## Input data
--*--
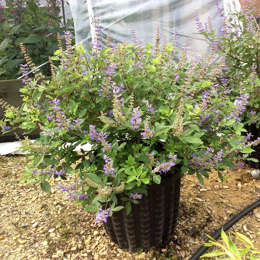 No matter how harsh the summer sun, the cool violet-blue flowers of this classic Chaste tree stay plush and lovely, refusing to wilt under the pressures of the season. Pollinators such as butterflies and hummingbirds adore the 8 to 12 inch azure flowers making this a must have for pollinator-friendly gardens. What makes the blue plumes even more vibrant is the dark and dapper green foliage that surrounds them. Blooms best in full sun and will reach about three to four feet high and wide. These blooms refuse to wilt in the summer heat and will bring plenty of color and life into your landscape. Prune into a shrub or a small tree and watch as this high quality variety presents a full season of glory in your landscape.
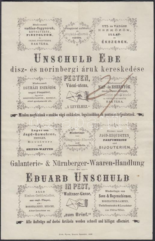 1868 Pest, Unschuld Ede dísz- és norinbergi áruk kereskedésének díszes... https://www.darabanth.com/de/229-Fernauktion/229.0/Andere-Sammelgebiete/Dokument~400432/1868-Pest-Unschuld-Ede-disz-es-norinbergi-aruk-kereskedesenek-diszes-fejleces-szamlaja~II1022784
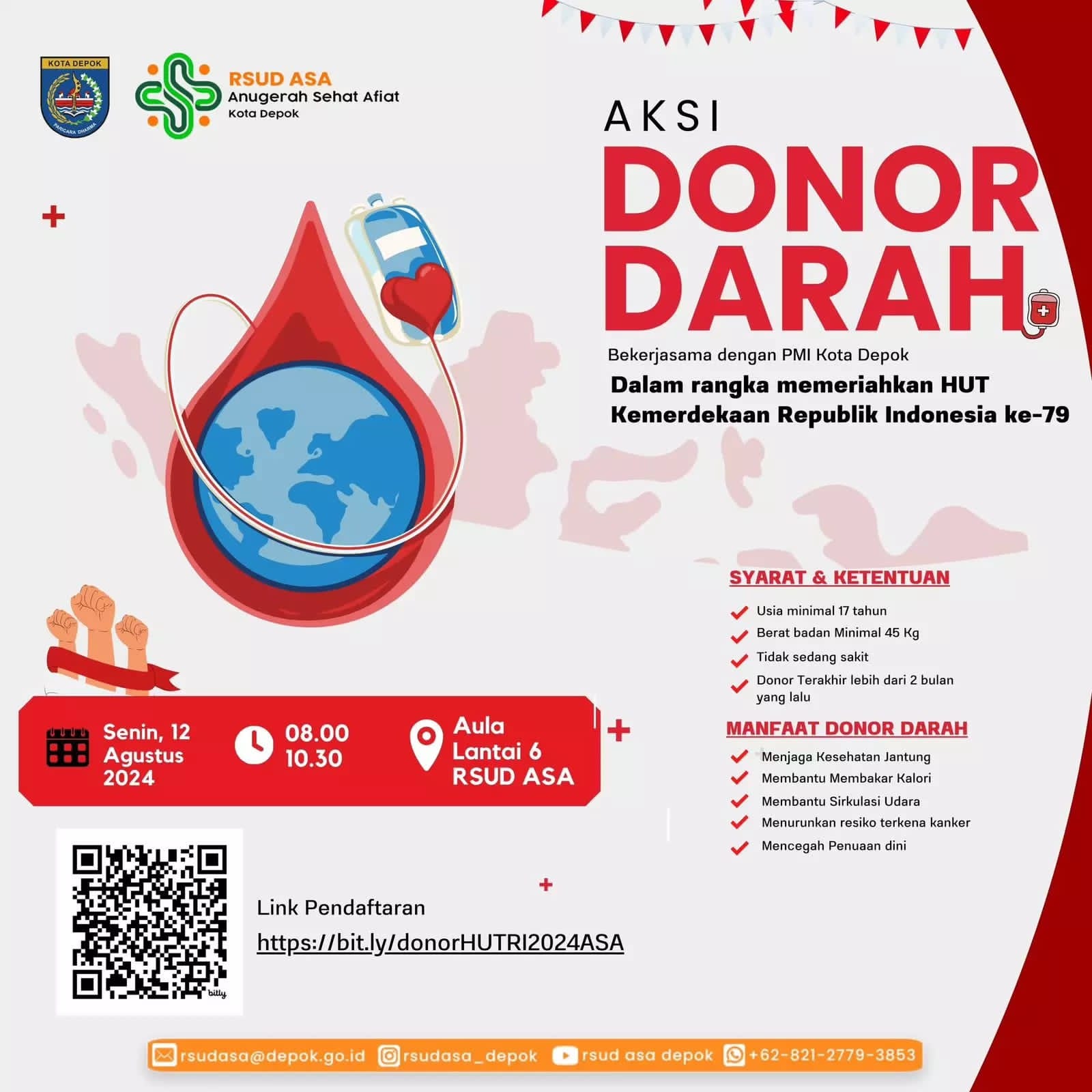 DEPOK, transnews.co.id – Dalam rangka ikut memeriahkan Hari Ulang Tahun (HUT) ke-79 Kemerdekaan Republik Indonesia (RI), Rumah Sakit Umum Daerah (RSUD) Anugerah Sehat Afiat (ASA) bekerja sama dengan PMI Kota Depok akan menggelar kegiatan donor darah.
--*--
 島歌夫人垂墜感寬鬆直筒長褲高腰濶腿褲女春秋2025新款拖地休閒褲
--*--
## Instructions for the task
In the records above, copy exactly everything from the line that has "No matter how" down to the line that has "DEPOK, transnews.co.id –", both ends included, and leave out the pictures.

## Response for this exercise
 No matter how harsh the summer sun, the cool violet-blue flowers of this classic Chaste tree stay plush and lovely, refusing to wilt under the pressures of the season. Pollinators such as butterflies and hummingbirds adore the 8 to 12 inch azure flowers making this a must have for pollinator-friendly gardens. What makes the blue plumes even more vibrant is the dark and dapper green foliage that surrounds them. Blooms best in full sun and will reach about three to four feet high and wide. These blooms refuse to wilt in the summer heat and will bring plenty of color and life into your landscape. Prune into a shrub or a small tree and watch as this high quality variety presents a full season of glory in your landscape.
 1868 Pest, Unschuld Ede dísz- és norinbergi áruk kereskedésének díszes... https://www.darabanth.com/de/229-Fernauktion/229.0/Andere-Sammelgebiete/Dokument~400432/1868-Pest-Unschuld-Ede-disz-es-norinbergi-aruk-kereskedesenek-diszes-fejleces-szamlaja~II1022784
 DEPOK, transnews.co.id – Dalam rangka ikut memeriahkan Hari Ulang Tahun (HUT) ke-79 Kemerdekaan Republik Indonesia (RI), Rumah Sakit Umum Daerah (RSUD) Anugerah Sehat Afiat (ASA) bekerja sama dengan PMI Kota Depok akan menggelar kegiatan donor darah.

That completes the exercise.